UNB researchers reaching new heights with NASA observation mission
CBC
"A once-in-a-decade event" is how Jeffery Langille describes the University of New Brunswick's lead role in a NASA mission.
Langille is the lead instrument scientist for the spatial heterodyne observations of water, also known as the SHOW instrument. It's one of three specialized instruments that are part of the high-altitude aerosol, water vapour, and clouds, or HAWC, instrumentation.
HAWC will be deployed as part of NASA's Atmosphere Observing System mission.
The Canadian government announced this month that it would spend more than $200 million on the HAWC instrument, a project that includes researchers from 13 Canadian universities.
Langille said HAWC will measure the effects of climate change and then use that data to build better models to predict future change and extreme weather events.
He said it feels "absolutely awesome" to be involved with the project.

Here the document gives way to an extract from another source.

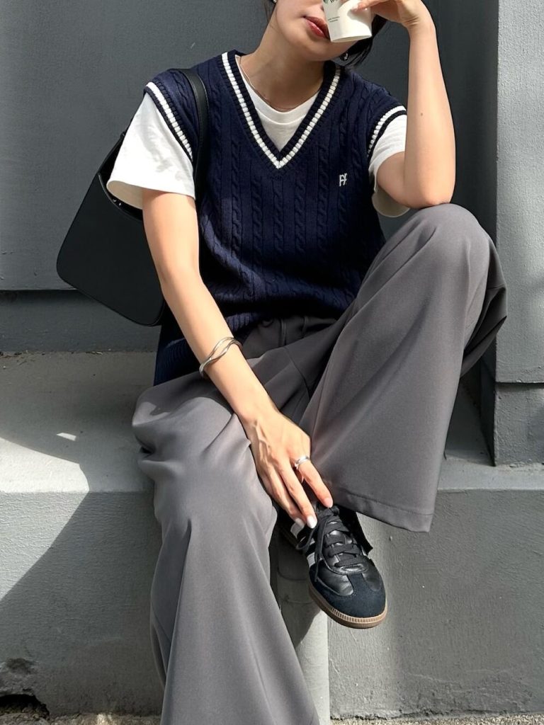 白Tにネイビーのニットベストを重ねれば、残暑の中でも秋らしさを簡単に取り入れられるプレッピースタイルに。半袖Tシャツの軽さはそのままに、ベストの編み地がほんのり季節感をプラスしてくれます。グレーパンツと黒スニーカーで全体を引き締めれば、大人っぽさとリラックス感が絶妙に両立。休日のカフェや公園でのリラックスタイムにぴったりで、9月後半の気温にちょうどいいレイヤードです。

"Being able to see something that I've worked on with my own hands, you know, moving towards being something that gets launched into space is a really rewarding experience," said Langille.
The SHOW instrumentation, which Langille is working on, will help researchers understand the interaction between water vapour, clouds and aerosols, he said.

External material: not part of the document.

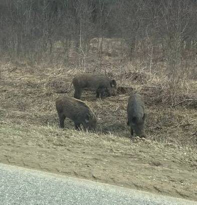 Спокойно добывают еду дикие кабаны у самой обочины дороги. И даже не шелохнулись. 😁😉

Langille said the challenge is that this interaction isn't being adequately picked up by current sensors.
The SHOW instrument will observe emissions from water vapour, while the two other instruments that are part of HAWC will observe aerosol and cloud processes.
Since the project isn't scheduled to launch until 2031, Langille said there's a development timeline they will go through over the next several years where they can develop instruments and lab facilities as well as train students, post-docs and scientists at UNB.
Langille said this particular project started as a concept in a lab at York University 20 years ago.
William Ward, the co-principal investigator for SHOW and a professor in the physics department at UNB, said the observations from SHOW will be the highest resolution satellite observations ever obtained for this process.
Ward said Langille was one of his graduate students who he recommended to do a post-doctorate at the University of Saskatchewan, one of the co-leaders for HAWC. So when Ward was contacted to be part of the university consortium and Langille was coming back to UNB, Ward said it was a natural position for him to fill.